**About this exercise**
Print the data below again in full, exactly as it stands, with no images.

**Entries shown**
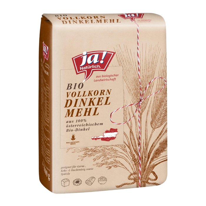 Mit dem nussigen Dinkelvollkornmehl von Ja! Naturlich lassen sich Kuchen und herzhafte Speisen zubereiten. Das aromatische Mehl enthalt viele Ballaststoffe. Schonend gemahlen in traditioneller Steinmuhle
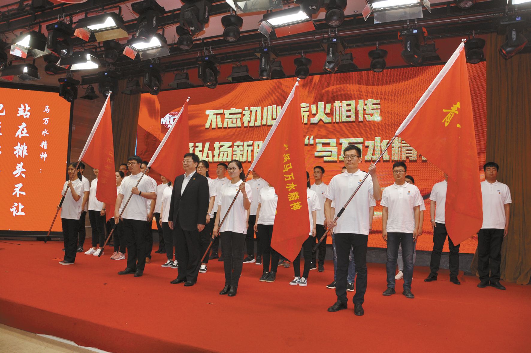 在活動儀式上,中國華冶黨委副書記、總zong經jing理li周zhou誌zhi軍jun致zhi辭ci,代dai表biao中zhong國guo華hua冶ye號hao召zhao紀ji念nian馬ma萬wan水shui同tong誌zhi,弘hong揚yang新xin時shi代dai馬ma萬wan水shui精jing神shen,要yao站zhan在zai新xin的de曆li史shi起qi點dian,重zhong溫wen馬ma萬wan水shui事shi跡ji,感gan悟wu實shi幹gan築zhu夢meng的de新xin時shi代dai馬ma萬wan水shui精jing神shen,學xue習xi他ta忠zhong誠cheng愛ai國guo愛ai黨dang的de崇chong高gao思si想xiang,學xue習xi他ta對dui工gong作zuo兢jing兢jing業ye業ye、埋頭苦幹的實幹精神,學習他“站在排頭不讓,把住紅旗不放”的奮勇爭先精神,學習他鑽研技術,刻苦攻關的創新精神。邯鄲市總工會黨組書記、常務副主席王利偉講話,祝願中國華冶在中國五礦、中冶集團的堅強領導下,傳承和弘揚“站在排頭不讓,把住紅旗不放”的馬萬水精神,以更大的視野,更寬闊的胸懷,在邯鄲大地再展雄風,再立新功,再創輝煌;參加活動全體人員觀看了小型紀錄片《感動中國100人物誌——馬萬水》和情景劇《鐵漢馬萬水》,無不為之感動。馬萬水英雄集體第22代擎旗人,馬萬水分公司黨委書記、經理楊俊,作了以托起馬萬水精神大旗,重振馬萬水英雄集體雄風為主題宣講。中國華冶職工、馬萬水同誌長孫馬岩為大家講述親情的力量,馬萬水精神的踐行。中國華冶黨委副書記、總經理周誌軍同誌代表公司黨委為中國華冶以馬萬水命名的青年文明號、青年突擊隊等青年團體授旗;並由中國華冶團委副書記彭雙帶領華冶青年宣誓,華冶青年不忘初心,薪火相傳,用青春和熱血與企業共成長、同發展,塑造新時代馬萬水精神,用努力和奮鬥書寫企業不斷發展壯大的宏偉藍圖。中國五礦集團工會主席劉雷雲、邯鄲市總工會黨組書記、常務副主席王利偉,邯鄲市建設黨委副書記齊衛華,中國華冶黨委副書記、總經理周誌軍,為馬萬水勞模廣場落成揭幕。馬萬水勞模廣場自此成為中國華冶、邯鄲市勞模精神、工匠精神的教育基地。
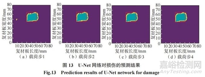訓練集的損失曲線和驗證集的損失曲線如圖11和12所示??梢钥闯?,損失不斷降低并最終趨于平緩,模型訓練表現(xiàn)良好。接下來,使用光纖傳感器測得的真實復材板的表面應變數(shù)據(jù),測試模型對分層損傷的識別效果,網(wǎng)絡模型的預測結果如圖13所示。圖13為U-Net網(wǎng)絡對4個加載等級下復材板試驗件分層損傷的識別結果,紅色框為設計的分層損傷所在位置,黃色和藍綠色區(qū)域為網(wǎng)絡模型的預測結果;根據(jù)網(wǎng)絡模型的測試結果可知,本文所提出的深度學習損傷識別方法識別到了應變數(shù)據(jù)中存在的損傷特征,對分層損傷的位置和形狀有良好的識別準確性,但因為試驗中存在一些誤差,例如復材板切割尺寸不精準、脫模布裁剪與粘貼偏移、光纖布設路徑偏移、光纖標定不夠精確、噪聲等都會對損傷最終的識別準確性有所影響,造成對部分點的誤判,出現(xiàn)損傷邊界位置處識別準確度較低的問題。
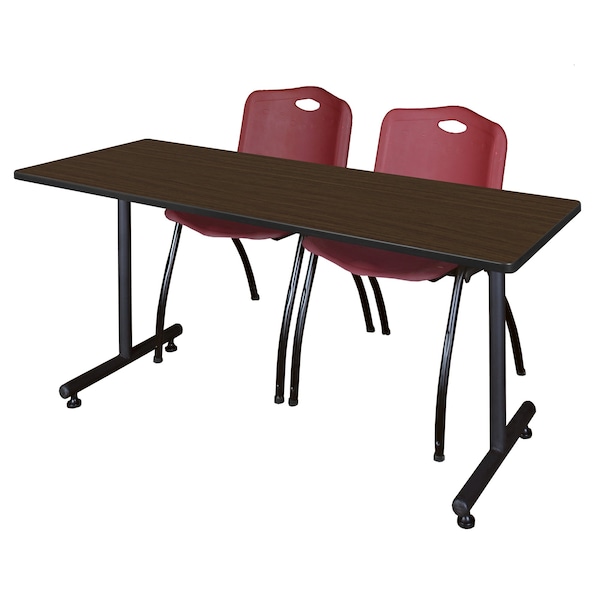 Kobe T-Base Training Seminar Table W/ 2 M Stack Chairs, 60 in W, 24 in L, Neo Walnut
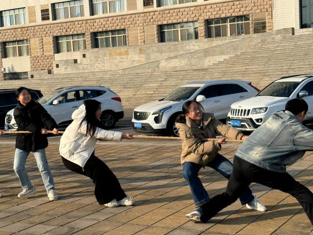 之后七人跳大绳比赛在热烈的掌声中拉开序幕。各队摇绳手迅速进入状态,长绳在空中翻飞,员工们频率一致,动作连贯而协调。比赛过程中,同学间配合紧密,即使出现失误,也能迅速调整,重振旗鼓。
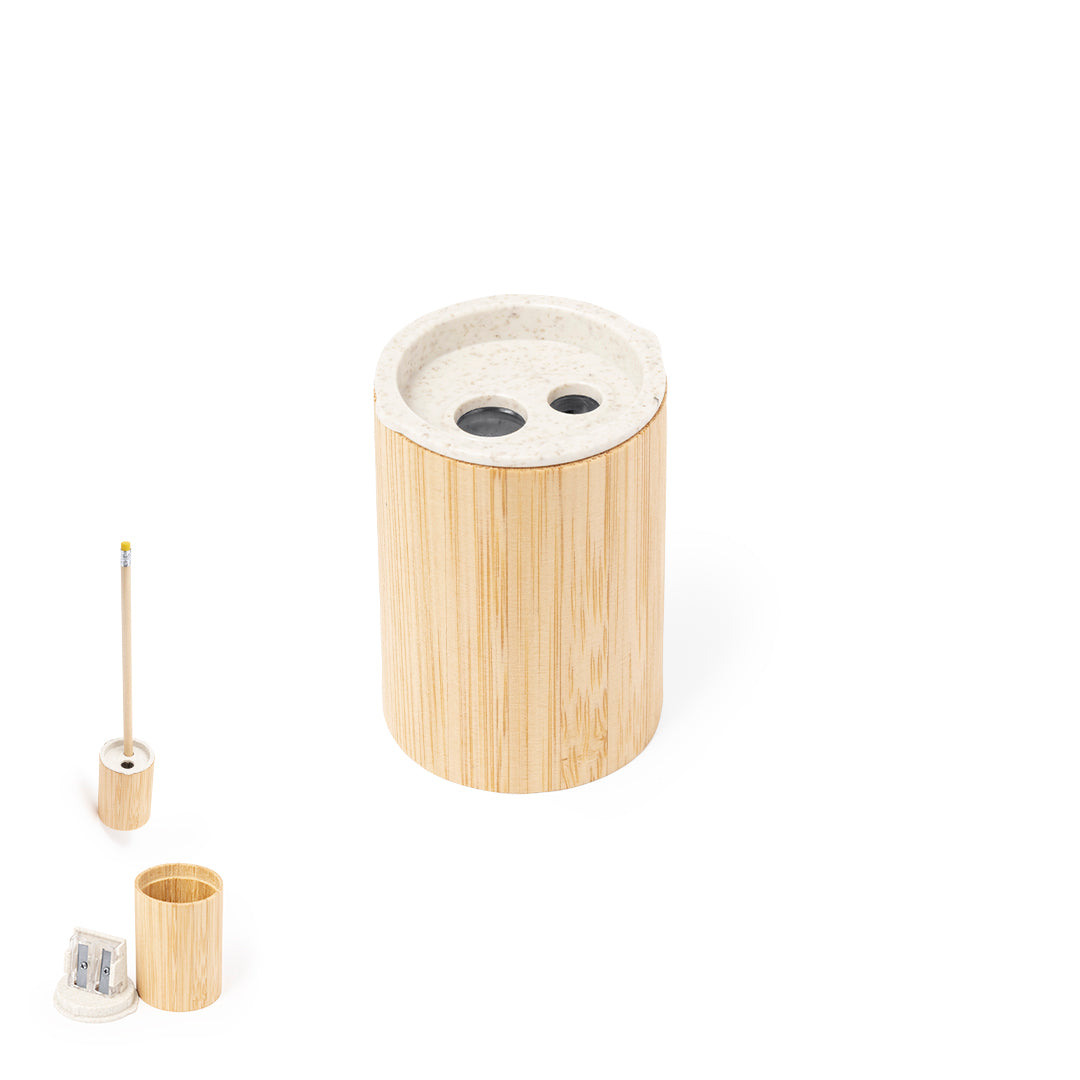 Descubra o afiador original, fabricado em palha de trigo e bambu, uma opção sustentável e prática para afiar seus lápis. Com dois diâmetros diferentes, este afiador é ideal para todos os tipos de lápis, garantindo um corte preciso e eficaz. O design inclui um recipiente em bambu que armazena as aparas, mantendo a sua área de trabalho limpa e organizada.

**Written solution**
 Mit dem nussigen Dinkelvollkornmehl von Ja! Naturlich lassen sich Kuchen und herzhafte Speisen zubereiten. Das aromatische Mehl enthalt viele Ballaststoffe. Schonend gemahlen in traditioneller Steinmuhle
 在活動儀式上,中國華冶黨委副書記、總zong經jing理li周zhou誌zhi軍jun致zhi辭ci,代dai表biao中zhong國guo華hua冶ye號hao召zhao紀ji念nian馬ma萬wan水shui同tong誌zhi,弘hong揚yang新xin時shi代dai馬ma萬wan水shui精jing神shen,要yao站zhan在zai新xin的de曆li史shi起qi點dian,重zhong溫wen馬ma萬wan水shui事shi跡ji,感gan悟wu實shi幹gan築zhu夢meng的de新xin時shi代dai馬ma萬wan水shui精jing神shen,學xue習xi他ta忠zhong誠cheng愛ai國guo愛ai黨dang的de崇chong高gao思si想xiang,學xue習xi他ta對dui工gong作zuo兢jing兢jing業ye業ye、埋頭苦幹的實幹精神,學習他“站在排頭不讓,把住紅旗不放”的奮勇爭先精神,學習他鑽研技術,刻苦攻關的創新精神。邯鄲市總工會黨組書記、常務副主席王利偉講話,祝願中國華冶在中國五礦、中冶集團的堅強領導下,傳承和弘揚“站在排頭不讓,把住紅旗不放”的馬萬水精神,以更大的視野,更寬闊的胸懷,在邯鄲大地再展雄風,再立新功,再創輝煌;參加活動全體人員觀看了小型紀錄片《感動中國100人物誌——馬萬水》和情景劇《鐵漢馬萬水》,無不為之感動。馬萬水英雄集體第22代擎旗人,馬萬水分公司黨委書記、經理楊俊,作了以托起馬萬水精神大旗,重振馬萬水英雄集體雄風為主題宣講。中國華冶職工、馬萬水同誌長孫馬岩為大家講述親情的力量,馬萬水精神的踐行。中國華冶黨委副書記、總經理周誌軍同誌代表公司黨委為中國華冶以馬萬水命名的青年文明號、青年突擊隊等青年團體授旗;並由中國華冶團委副書記彭雙帶領華冶青年宣誓,華冶青年不忘初心,薪火相傳,用青春和熱血與企業共成長、同發展,塑造新時代馬萬水精神,用努力和奮鬥書寫企業不斷發展壯大的宏偉藍圖。中國五礦集團工會主席劉雷雲、邯鄲市總工會黨組書記、常務副主席王利偉,邯鄲市建設黨委副書記齊衛華,中國華冶黨委副書記、總經理周誌軍,為馬萬水勞模廣場落成揭幕。馬萬水勞模廣場自此成為中國華冶、邯鄲市勞模精神、工匠精神的教育基地。
訓練集的損失曲線和驗證集的損失曲線如圖11和12所示??梢钥闯?,損失不斷降低并最終趨于平緩,模型訓練表現(xiàn)良好。接下來,使用光纖傳感器測得的真實復材板的表面應變數(shù)據(jù),測試模型對分層損傷的識別效果,網(wǎng)絡模型的預測結果如圖13所示。圖13為U-Net網(wǎng)絡對4個加載等級下復材板試驗件分層損傷的識別結果,紅色框為設計的分層損傷所在位置,黃色和藍綠色區(qū)域為網(wǎng)絡模型的預測結果;根據(jù)網(wǎng)絡模型的測試結果可知,本文所提出的深度學習損傷識別方法識別到了應變數(shù)據(jù)中存在的損傷特征,對分層損傷的位置和形狀有良好的識別準確性,但因為試驗中存在一些誤差,例如復材板切割尺寸不精準、脫模布裁剪與粘貼偏移、光纖布設路徑偏移、光纖標定不夠精確、噪聲等都會對損傷最終的識別準確性有所影響,造成對部分點的誤判,出現(xiàn)損傷邊界位置處識別準確度較低的問題。
 Kobe T-Base Training Seminar Table W/ 2 M Stack Chairs, 60 in W, 24 in L, Neo Walnut
 之后七人跳大绳比赛在热烈的掌声中拉开序幕。各队摇绳手迅速进入状态,长绳在空中翻飞,员工们频率一致,动作连贯而协调。比赛过程中,同学间配合紧密,即使出现失误,也能迅速调整,重振旗鼓。
 Descubra o afiador original, fabricado em palha de trigo e bambu, uma opção sustentável e prática para afiar seus lápis. Com dois diâmetros diferentes, este afiador é ideal para todos os tipos de lápis, garantindo um corte preciso e eficaz. O design inclui um recipiente em bambu que armazena as aparas, mantendo a sua área de trabalho limpa e organizada.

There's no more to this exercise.